[[ Record excerpts, beginning ]]

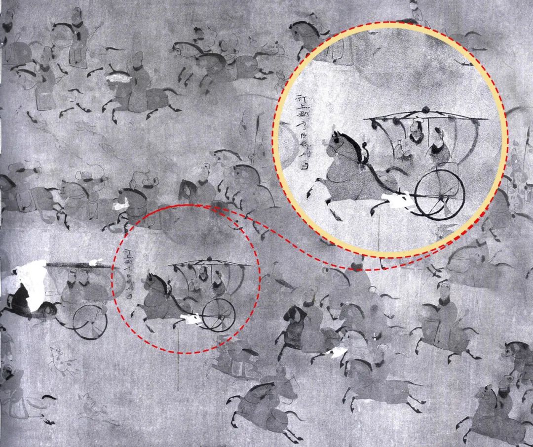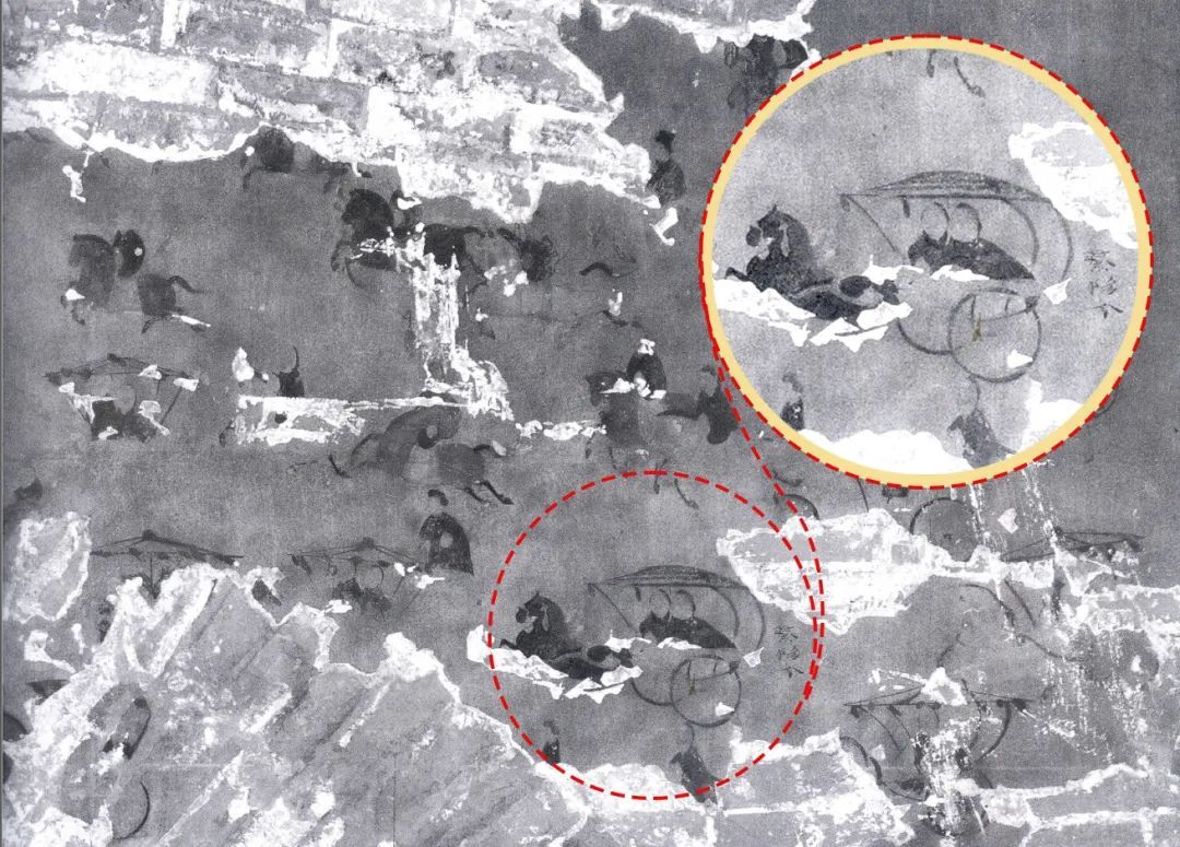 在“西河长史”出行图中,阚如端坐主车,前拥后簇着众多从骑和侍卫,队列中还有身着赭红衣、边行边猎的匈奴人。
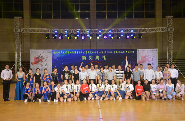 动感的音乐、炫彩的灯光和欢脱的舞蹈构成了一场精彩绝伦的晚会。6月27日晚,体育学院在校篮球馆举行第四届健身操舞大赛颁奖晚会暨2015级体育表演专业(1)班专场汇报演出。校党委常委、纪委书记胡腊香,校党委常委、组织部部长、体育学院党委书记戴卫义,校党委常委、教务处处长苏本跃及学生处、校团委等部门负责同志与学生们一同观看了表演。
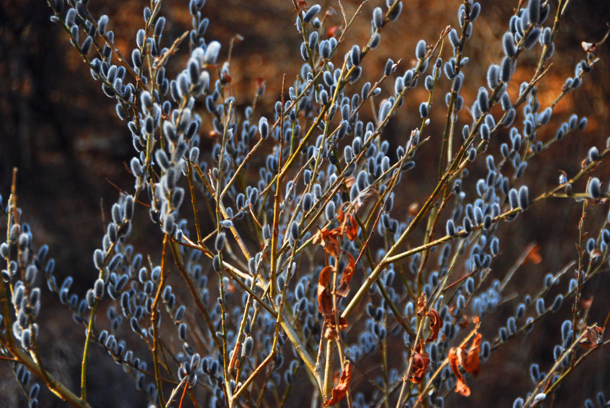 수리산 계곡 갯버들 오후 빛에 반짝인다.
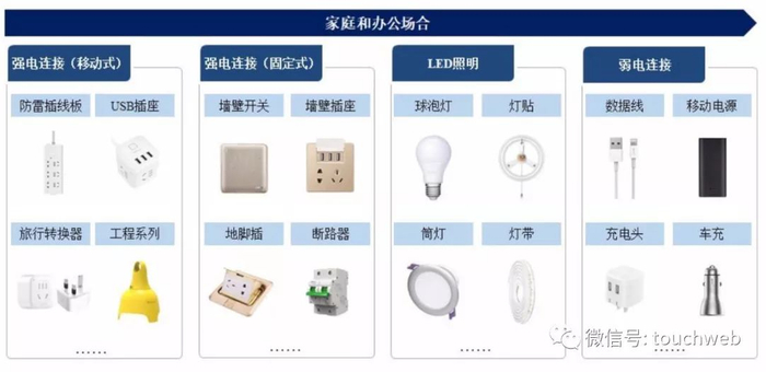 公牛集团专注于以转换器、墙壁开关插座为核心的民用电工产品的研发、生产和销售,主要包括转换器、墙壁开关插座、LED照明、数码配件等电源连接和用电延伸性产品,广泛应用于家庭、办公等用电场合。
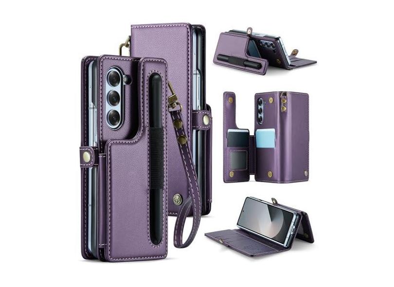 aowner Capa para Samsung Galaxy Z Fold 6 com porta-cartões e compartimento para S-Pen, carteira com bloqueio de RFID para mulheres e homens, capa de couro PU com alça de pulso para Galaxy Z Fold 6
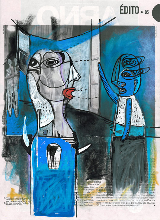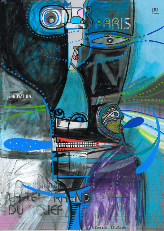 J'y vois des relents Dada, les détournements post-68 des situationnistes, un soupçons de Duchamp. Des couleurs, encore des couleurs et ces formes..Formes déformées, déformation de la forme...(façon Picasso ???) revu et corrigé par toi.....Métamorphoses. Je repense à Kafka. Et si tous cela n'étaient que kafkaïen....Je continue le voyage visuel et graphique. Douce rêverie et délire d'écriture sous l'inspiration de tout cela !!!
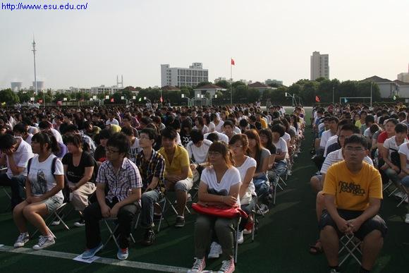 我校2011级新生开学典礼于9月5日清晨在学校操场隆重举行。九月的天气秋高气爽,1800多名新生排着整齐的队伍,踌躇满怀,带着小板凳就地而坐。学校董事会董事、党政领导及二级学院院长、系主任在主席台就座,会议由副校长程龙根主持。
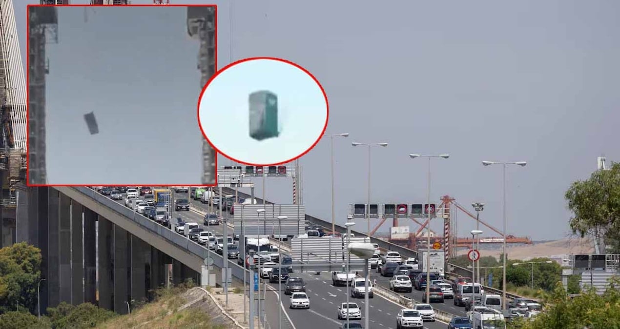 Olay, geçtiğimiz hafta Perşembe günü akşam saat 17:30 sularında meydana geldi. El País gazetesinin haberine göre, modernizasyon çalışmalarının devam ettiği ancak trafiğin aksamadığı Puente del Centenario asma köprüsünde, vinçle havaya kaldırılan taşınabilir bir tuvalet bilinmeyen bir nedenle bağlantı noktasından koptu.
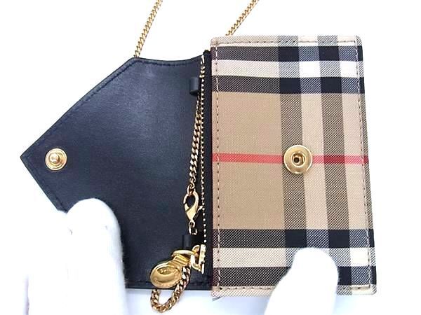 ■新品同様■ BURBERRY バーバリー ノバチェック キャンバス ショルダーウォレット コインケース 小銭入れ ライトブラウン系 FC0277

[[ Record excerpts, end ]]

Your goal: Write out all the records again, exactly, minus any pictures.

Written solution:
 在“西河长史”出行图中,阚如端坐主车,前拥后簇着众多从骑和侍卫,队列中还有身着赭红衣、边行边猎的匈奴人。
 动感的音乐、炫彩的灯光和欢脱的舞蹈构成了一场精彩绝伦的晚会。6月27日晚,体育学院在校篮球馆举行第四届健身操舞大赛颁奖晚会暨2015级体育表演专业(1)班专场汇报演出。校党委常委、纪委书记胡腊香,校党委常委、组织部部长、体育学院党委书记戴卫义,校党委常委、教务处处长苏本跃及学生处、校团委等部门负责同志与学生们一同观看了表演。
 수리산 계곡 갯버들 오후 빛에 반짝인다.
 公牛集团专注于以转换器、墙壁开关插座为核心的民用电工产品的研发、生产和销售,主要包括转换器、墙壁开关插座、LED照明、数码配件等电源连接和用电延伸性产品,广泛应用于家庭、办公等用电场合。
 aowner Capa para Samsung Galaxy Z Fold 6 com porta-cartões e compartimento para S-Pen, carteira com bloqueio de RFID para mulheres e homens, capa de couro PU com alça de pulso para Galaxy Z Fold 6
 J'y vois des relents Dada, les détournements post-68 des situationnistes, un soupçons de Duchamp. Des couleurs, encore des couleurs et ces formes..Formes déformées, déformation de la forme...(façon Picasso ???) revu et corrigé par toi.....Métamorphoses. Je repense à Kafka. Et si tous cela n'étaient que kafkaïen....Je continue le voyage visuel et graphique. Douce rêverie et délire d'écriture sous l'inspiration de tout cela !!!
 我校2011级新生开学典礼于9月5日清晨在学校操场隆重举行。九月的天气秋高气爽,1800多名新生排着整齐的队伍,踌躇满怀,带着小板凳就地而坐。学校董事会董事、党政领导及二级学院院长、系主任在主席台就座,会议由副校长程龙根主持。
 Olay, geçtiğimiz hafta Perşembe günü akşam saat 17:30 sularında meydana geldi. El País gazetesinin haberine göre, modernizasyon çalışmalarının devam ettiği ancak trafiğin aksamadığı Puente del Centenario asma köprüsünde, vinçle havaya kaldırılan taşınabilir bir tuvalet bilinmeyen bir nedenle bağlantı noktasından koptu.
 ■新品同様■ BURBERRY バーバリー ノバチェック キャンバス ショルダーウォレット コインケース 小銭入れ ライトブラウン系 FC0277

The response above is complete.